Aim of the task >>
Omit all pictures. Quote only the lines from the one with "Control signals, error" through the end of the material below.

Data provided >>
======

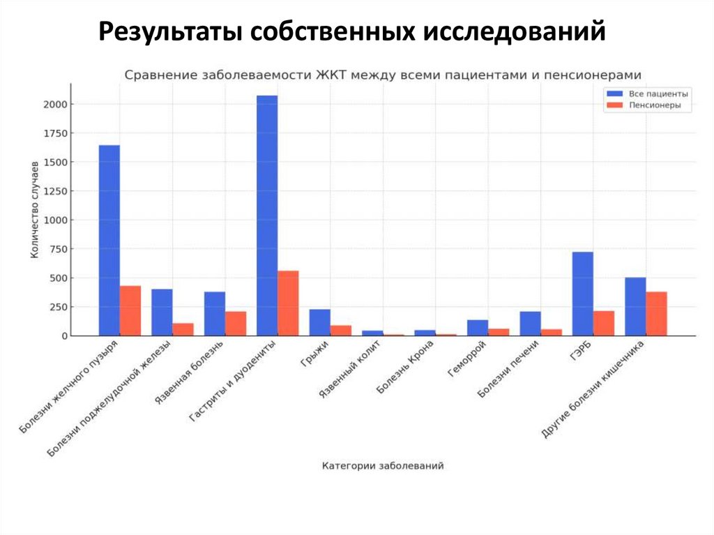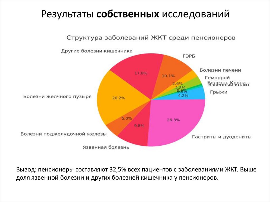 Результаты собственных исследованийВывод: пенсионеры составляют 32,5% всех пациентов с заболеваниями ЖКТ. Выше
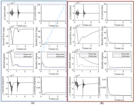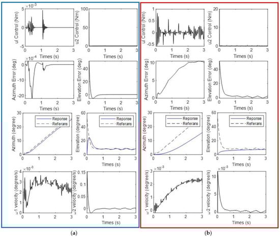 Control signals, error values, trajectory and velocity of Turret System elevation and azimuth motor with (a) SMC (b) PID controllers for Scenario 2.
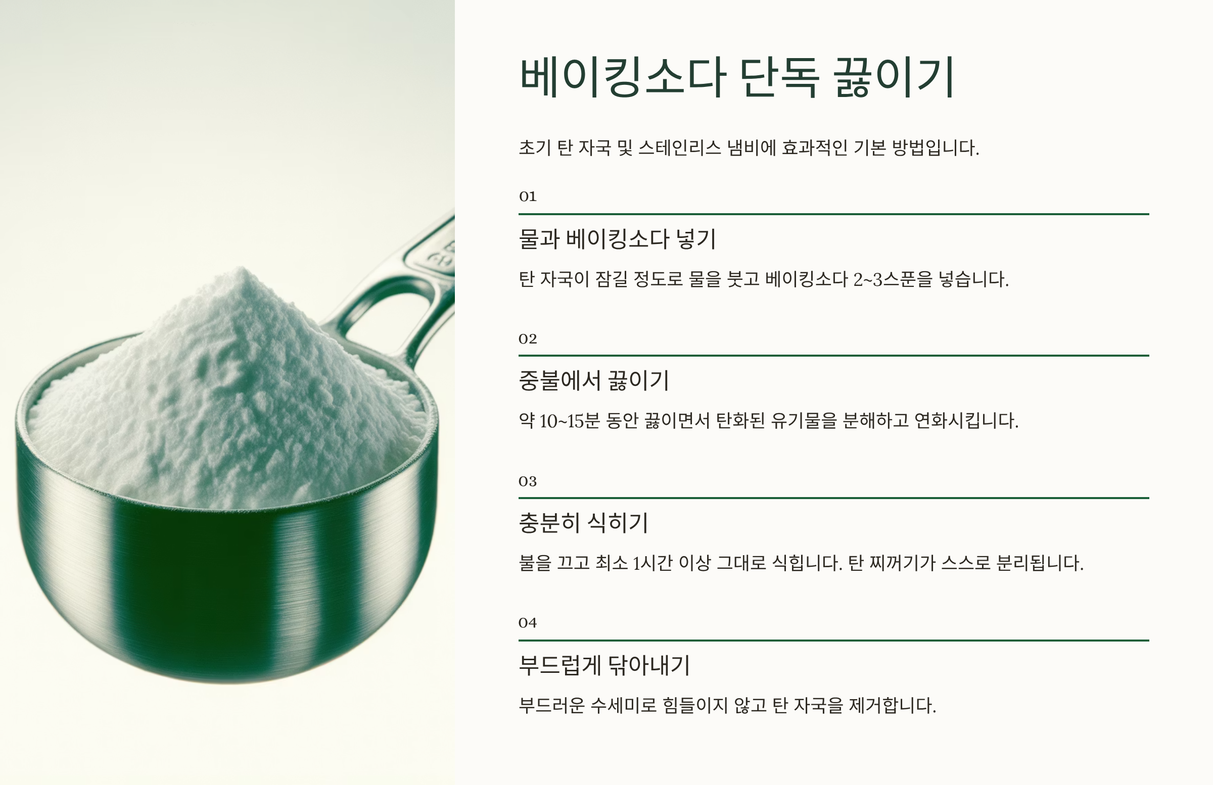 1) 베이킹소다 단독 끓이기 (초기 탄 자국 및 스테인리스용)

======

Answer area >>
 Control signals, error values, trajectory and velocity of Turret System elevation and azimuth motor with (a) SMC (b) PID controllers for Scenario 2.
 1) 베이킹소다 단독 끓이기 (초기 탄 자국 및 스테인리스용)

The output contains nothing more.